■ WORK ORDER ■
Copy each entry verbatim, excluding its images.

(Items from a data source)
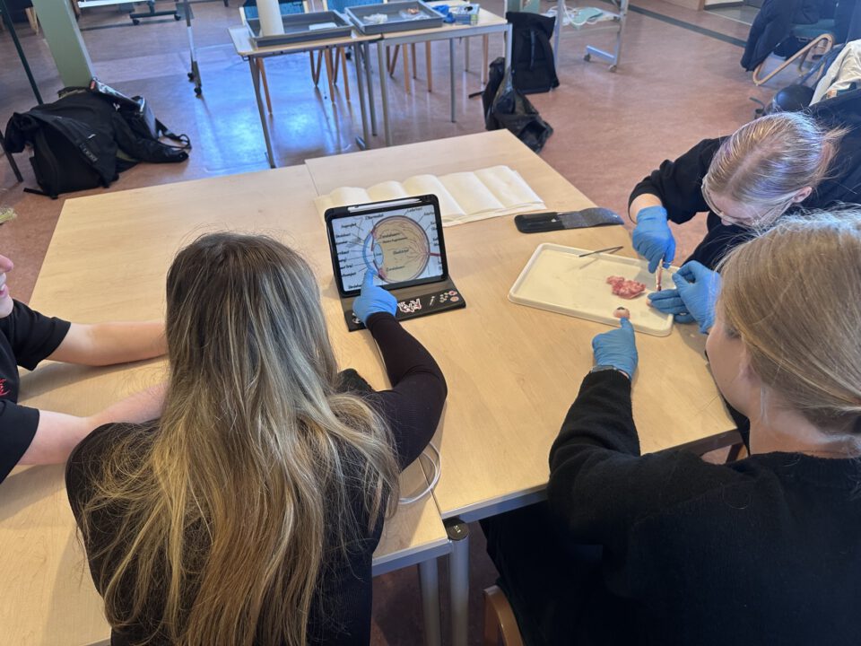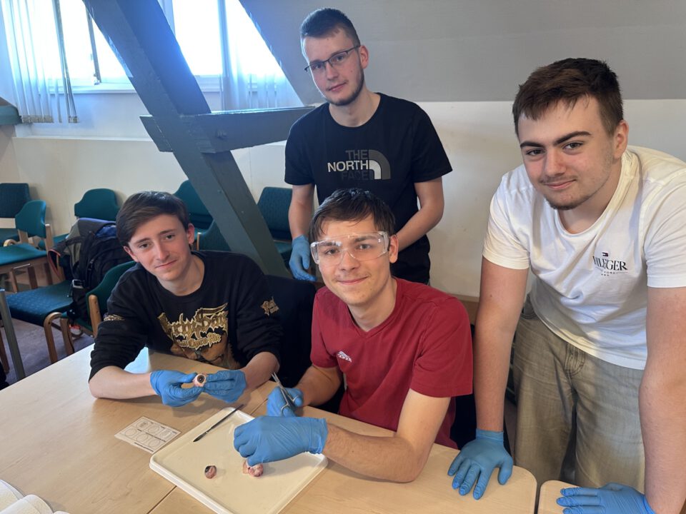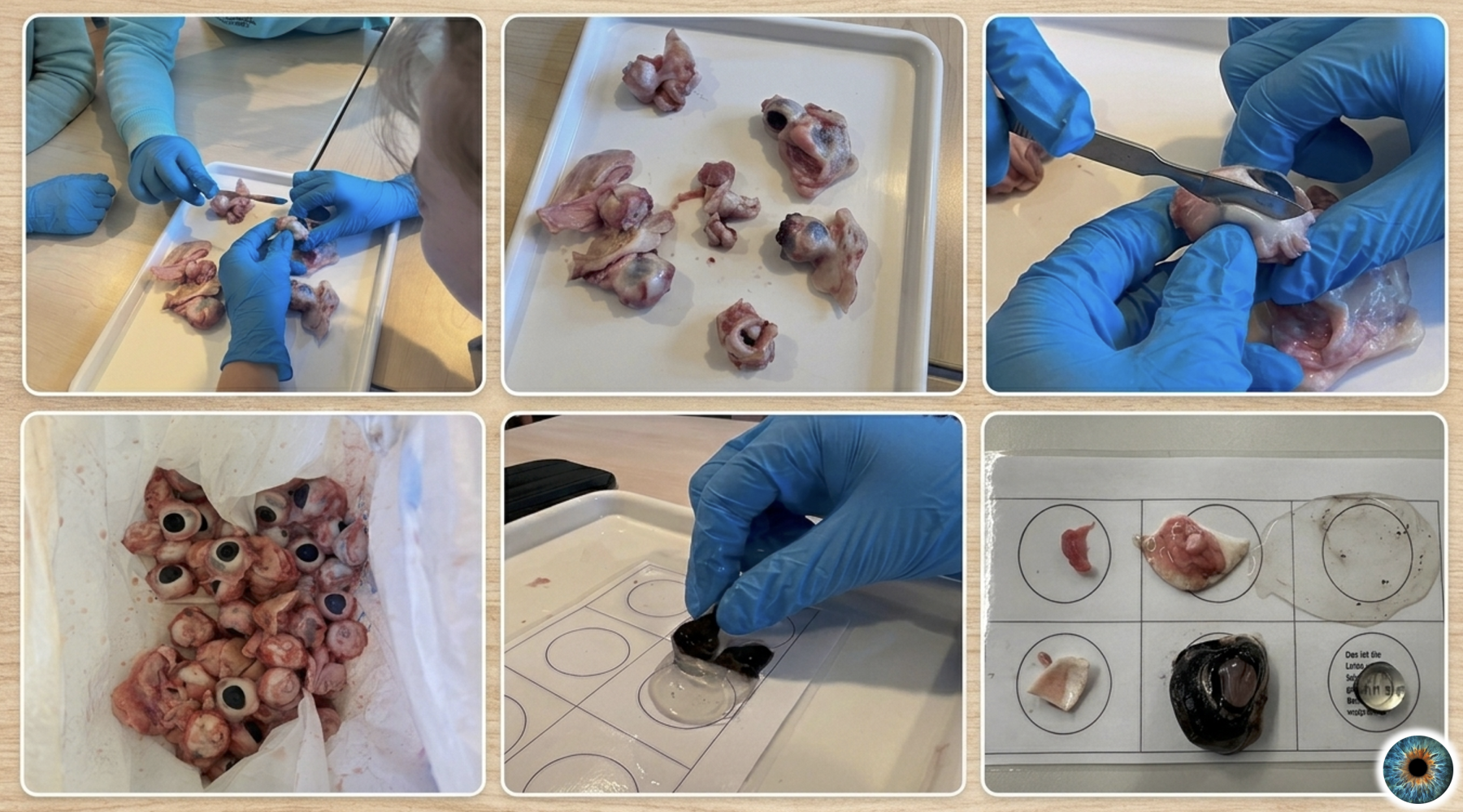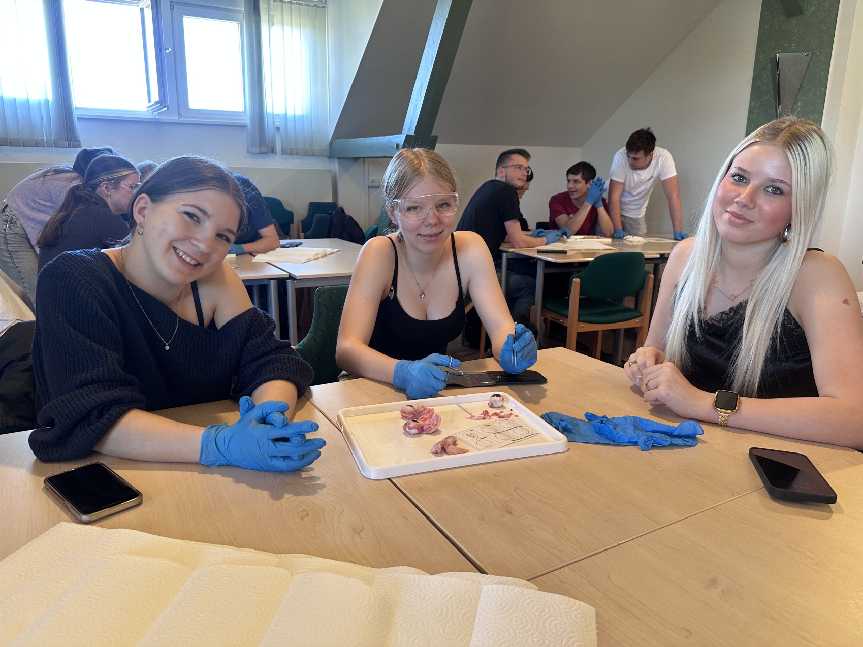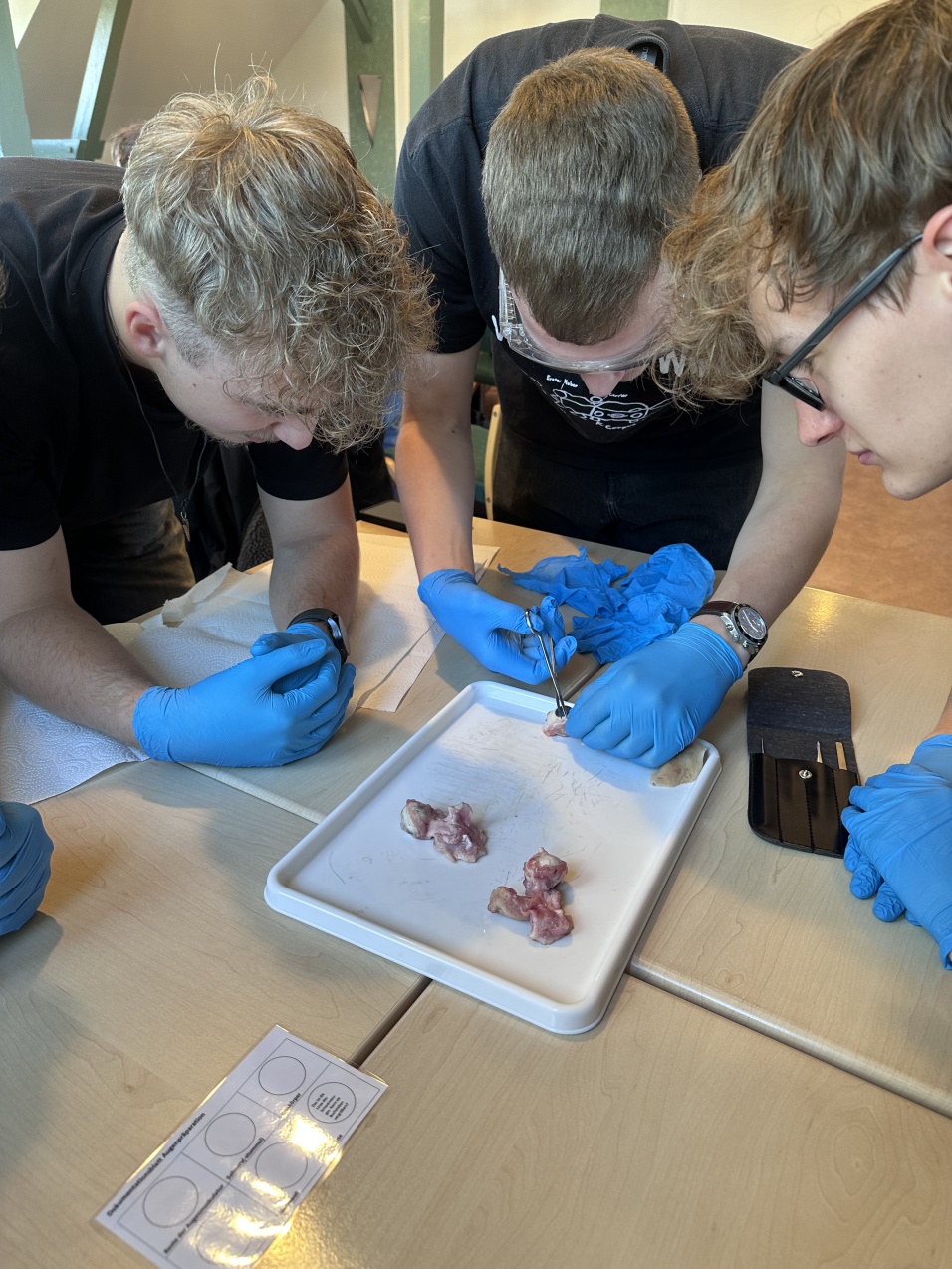 Am 23.04.2026 hatten wir, der Biologie-Leistungskurs der 11. Klasse, die Gelegenheit, in der Aula eine Schweineaugen-Präparation durchzuführen. Diese setzten wir mit unserem Biologielehrer Herrn Scheidemann und unserer Biologielehrerin Frau Ender, die die Schweineaugen zur Verfügung stellte, praktisch um. Nach einer kurzen Belehrung zu Sicherheitsregeln und wichtigen Hinweisen, die unter anderem das Tragen einer Schutzbrille oder den Umgang mit Präparations-Werkzeugen beinhalteten, wurden uns die Augen ausgeteilt. In Gruppen von vier Personen arbeiteten wir zusammen und jeder hatte die Möglichkeit, ein Schweineauge zu untersuchen.
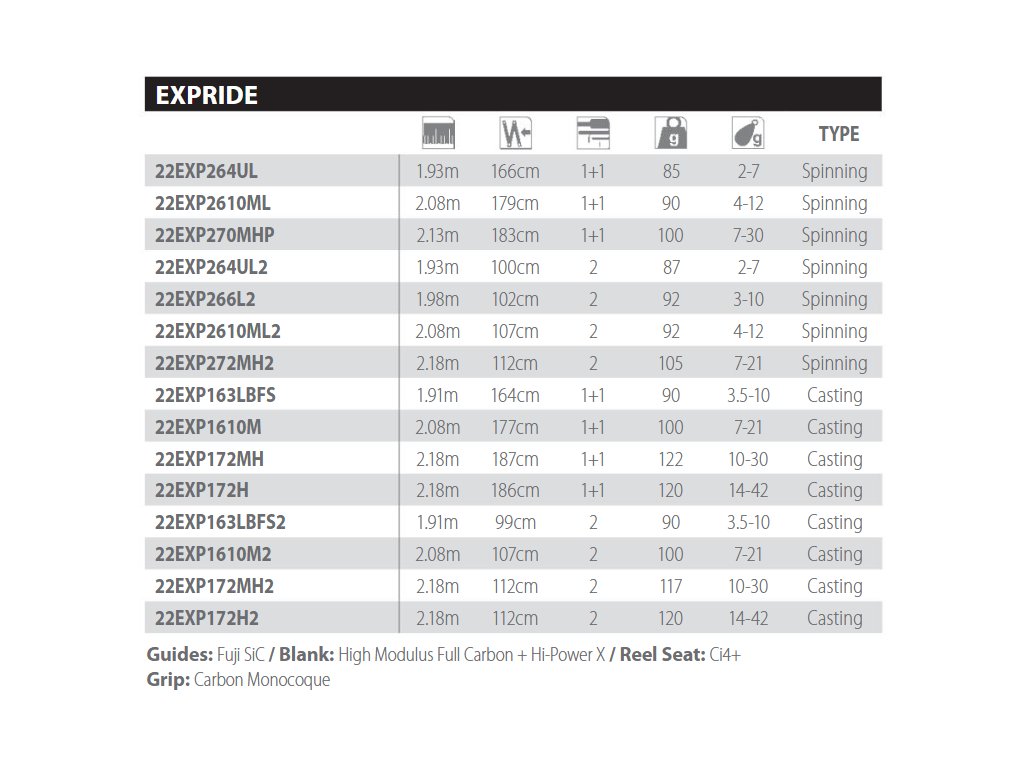 Pôvodne vyvinutý ako prút na basy, ľahko pochopíte, prečo sme z radu Expride takí nadšení. Ak hľadáte prút, ktorý splní vaše vysoké očakávania, nehľadajte ďalej, Expride je bezchybný. Či už ide o ľahké, stredné alebo dokonca veľké nástrahy, s navijakmi na spinning alebo baitcasting, rad Expride pokrýva všetko a s citlivosťou, ktorej sa len málo prútov vyrovná. Každý model je dokonca dostupný v dvoch konfiguráciách, 1+1 (jednodielny s odnímateľnou rukoväťou) a 2-dielny (rovnako dlhé časti). Naozaj máte z čoho vyberať.
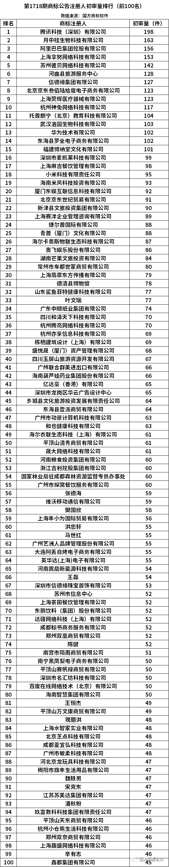 从商标注册人看,初审公告量的前3位依次为腾讯科技(深圳)有限公司(198件)、月中桂生物科技有限公司(163件)、阿里巴巴集团控股有限公司(156件)。
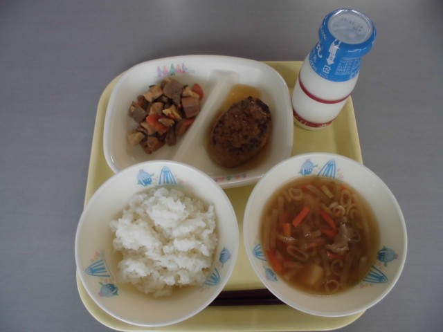 11月13日(木) ご飯、牛乳、のっぺい汁、ハンバーグのおろしがけ、高野豆腐の煮物
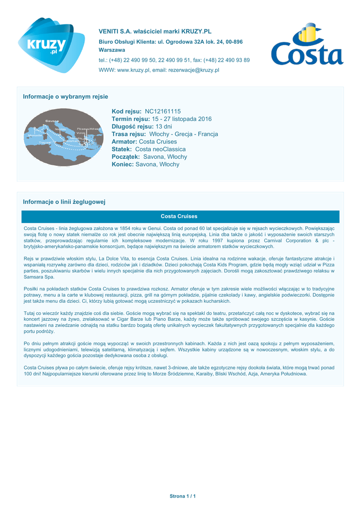 Powered by TCPDF (www.tcpdf.org) VENITI S.A. właściciel marki KRUZY.PL Biuro Obsługi Klienta: ul. Ogrodowa 32A lok. 24, 00-896 Warszawa tel.: (+48) 22 490 99 50, 22 490 99 51, fax: (+48) 22 490 93 89 WWW: www.kruzy.pl, email: [email protected] Informacje o wybranym rejsie Kod rejsu: NC12161115 Termin rejsu: 15 - 27 listopada 2016 Długość rejsu: 13 dni Trasa rejsu: Włochy - Grecja - Francja Armator: Costa Cruises Statek: Costa neoClassica Początek: Savona, Włochy Koniec: Savona, Włochy Informacje o linii żeglugowej Costa Cruises Costa Cruises - linia żeglugowa założona w 1854 roku w Genui. Costa od ponad 60 lat specjalizuje się w rejsach wycieczkowych. Powiększając swoją flotę o nowy statek niemalże co rok jest obecnie największą linią europejską. Linia dba także o jakość i wyposażenie swoich starszych statków, przeprowadzając regularnie ich kompleksowe modernizacje. W roku 1997 kupiona przez Carnival Corporation & plc brytyjsko-amerykańsko-panamskie konsorcjum, będące największym na świecie armatorem statków wycieczkowych. Rejs w prawdziwie włoskim stylu, La Dolce Vita, to esencja Costa Cruises. Linia idealna na rodzinne wakacje, oferuje fantastyczne atrakcje i wspaniałą rozrywkę zarówno dla dzieci, rodziców jak i dziadków. Dzieci pokochają Costa Kids Program, gdzie będą mogły wziąć udział w Pizza parties, poszukiwaniu skarbów i wielu innych specjalnie dla nich przygotowanych zajęciach. Dorośli mogą zakosztować prawdziwego relaksu w Samsara Spa. Posiłki na pokładach statków Costa Cruises to prawdziwa rozkosz. Armator oferuje w tym zakresie wiele możliwości włączając w to tradycyjne potrawy, menu a la carte w klubowej restauracji, pizza, grill na górnym pokładzie, pijalnie czekolady i kawy, angielskie podwieczorki. Dostępnie jest także menu dla dzieci. Ci, którzy lubią gotować mogą uczestniczyć w pokazach kucharskich. Tutaj co wieczór każdy znajdzie coś dla siebie. Goście mogą wybrać się na spektakl do teatru, przetańczyć całą noc w dyskotece, wybrać się na koncert jazzowy na żywo, zrelaksować w Cigar Barze lub Piano Barze, każdy może także spróbować swojego szczęścia w kasynie. Goście nastawieni na zwiedzanie odnajdą na statku bardzo bogatą ofertę unikalnych wycieczek fakultatywnych przygotowanych specjalnie dla każdego portu podróży. Po dniu pełnym atrakcji goście mogą wypocząć w swoich przestronnych kabinach. Każda z nich jest oazą spokoju z pełnym wyposażeniem, licznymi udogodnieniami, telewizją satelitarną, klimatyzacją i sejfem. Wszystkie kabiny urządzone są w nowoczesnym, włoskim stylu, a do dyspozycji każdego gościa pozostaje dedykowana osoba z obsługi. Costa Cruises pływa po całym świecie, oferuje rejsy krótsze, nawet 3-dniowe, ale także egzotyczne rejsy dookoła świata, które mogą trwać ponad 100 dni! Najpopularniejsze kierunki oferowane przez linię to Morze Śródziemne, Karaiby, Bliski Wschód, Azja, Ameryka Południowa. Strona 1 / 1

■ ANSWER TO THE PROBLEM ■
 Am 23.04.2026 hatten wir, der Biologie-Leistungskurs der 11. Klasse, die Gelegenheit, in der Aula eine Schweineaugen-Präparation durchzuführen. Diese setzten wir mit unserem Biologielehrer Herrn Scheidemann und unserer Biologielehrerin Frau Ender, die die Schweineaugen zur Verfügung stellte, praktisch um. Nach einer kurzen Belehrung zu Sicherheitsregeln und wichtigen Hinweisen, die unter anderem das Tragen einer Schutzbrille oder den Umgang mit Präparations-Werkzeugen beinhalteten, wurden uns die Augen ausgeteilt. In Gruppen von vier Personen arbeiteten wir zusammen und jeder hatte die Möglichkeit, ein Schweineauge zu untersuchen.
 Pôvodne vyvinutý ako prút na basy, ľahko pochopíte, prečo sme z radu Expride takí nadšení. Ak hľadáte prút, ktorý splní vaše vysoké očakávania, nehľadajte ďalej, Expride je bezchybný. Či už ide o ľahké, stredné alebo dokonca veľké nástrahy, s navijakmi na spinning alebo baitcasting, rad Expride pokrýva všetko a s citlivosťou, ktorej sa len málo prútov vyrovná. Každý model je dokonca dostupný v dvoch konfiguráciách, 1+1 (jednodielny s odnímateľnou rukoväťou) a 2-dielny (rovnako dlhé časti). Naozaj máte z čoho vyberať.
 从商标注册人看,初审公告量的前3位依次为腾讯科技(深圳)有限公司(198件)、月中桂生物科技有限公司(163件)、阿里巴巴集团控股有限公司(156件)。
 11月13日(木) ご飯、牛乳、のっぺい汁、ハンバーグのおろしがけ、高野豆腐の煮物
 Powered by TCPDF (www.tcpdf.org) VENITI S.A. właściciel marki KRUZY.PL Biuro Obsługi Klienta: ul. Ogrodowa 32A lok. 24, 00-896 Warszawa tel.: (+48) 22 490 99 50, 22 490 99 51, fax: (+48) 22 490 93 89 WWW: www.kruzy.pl, email: [email protected] Informacje o wybranym rejsie Kod rejsu: NC12161115 Termin rejsu: 15 - 27 listopada 2016 Długość rejsu: 13 dni Trasa rejsu: Włochy - Grecja - Francja Armator: Costa Cruises Statek: Costa neoClassica Początek: Savona, Włochy Koniec: Savona, Włochy Informacje o linii żeglugowej Costa Cruises Costa Cruises - linia żeglugowa założona w 1854 roku w Genui. Costa od ponad 60 lat specjalizuje się w rejsach wycieczkowych. Powiększając swoją flotę o nowy statek niemalże co rok jest obecnie największą linią europejską. Linia dba także o jakość i wyposażenie swoich starszych statków, przeprowadzając regularnie ich kompleksowe modernizacje. W roku 1997 kupiona przez Carnival Corporation & plc brytyjsko-amerykańsko-panamskie konsorcjum, będące największym na świecie armatorem statków wycieczkowych. Rejs w prawdziwie włoskim stylu, La Dolce Vita, to esencja Costa Cruises. Linia idealna na rodzinne wakacje, oferuje fantastyczne atrakcje i wspaniałą rozrywkę zarówno dla dzieci, rodziców jak i dziadków. Dzieci pokochają Costa Kids Program, gdzie będą mogły wziąć udział w Pizza parties, poszukiwaniu skarbów i wielu innych specjalnie dla nich przygotowanych zajęciach. Dorośli mogą zakosztować prawdziwego relaksu w Samsara Spa. Posiłki na pokładach statków Costa Cruises to prawdziwa rozkosz. Armator oferuje w tym zakresie wiele możliwości włączając w to tradycyjne potrawy, menu a la carte w klubowej restauracji, pizza, grill na górnym pokładzie, pijalnie czekolady i kawy, angielskie podwieczorki. Dostępnie jest także menu dla dzieci. Ci, którzy lubią gotować mogą uczestniczyć w pokazach kucharskich. Tutaj co wieczór każdy znajdzie coś dla siebie. Goście mogą wybrać się na spektakl do teatru, przetańczyć całą noc w dyskotece, wybrać się na koncert jazzowy na żywo, zrelaksować w Cigar Barze lub Piano Barze, każdy może także spróbować swojego szczęścia w kasynie. Goście nastawieni na zwiedzanie odnajdą na statku bardzo bogatą ofertę unikalnych wycieczek fakultatywnych przygotowanych specjalnie dla każdego portu podróży. Po dniu pełnym atrakcji goście mogą wypocząć w swoich przestronnych kabinach. Każda z nich jest oazą spokoju z pełnym wyposażeniem, licznymi udogodnieniami, telewizją satelitarną, klimatyzacją i sejfem. Wszystkie kabiny urządzone są w nowoczesnym, włoskim stylu, a do dyspozycji każdego gościa pozostaje dedykowana osoba z obsługi. Costa Cruises pływa po całym świecie, oferuje rejsy krótsze, nawet 3-dniowe, ale także egzotyczne rejsy dookoła świata, które mogą trwać ponad 100 dni! Najpopularniejsze kierunki oferowane przez linię to Morze Śródziemne, Karaiby, Bliski Wschód, Azja, Ameryka Południowa. Strona 1 / 1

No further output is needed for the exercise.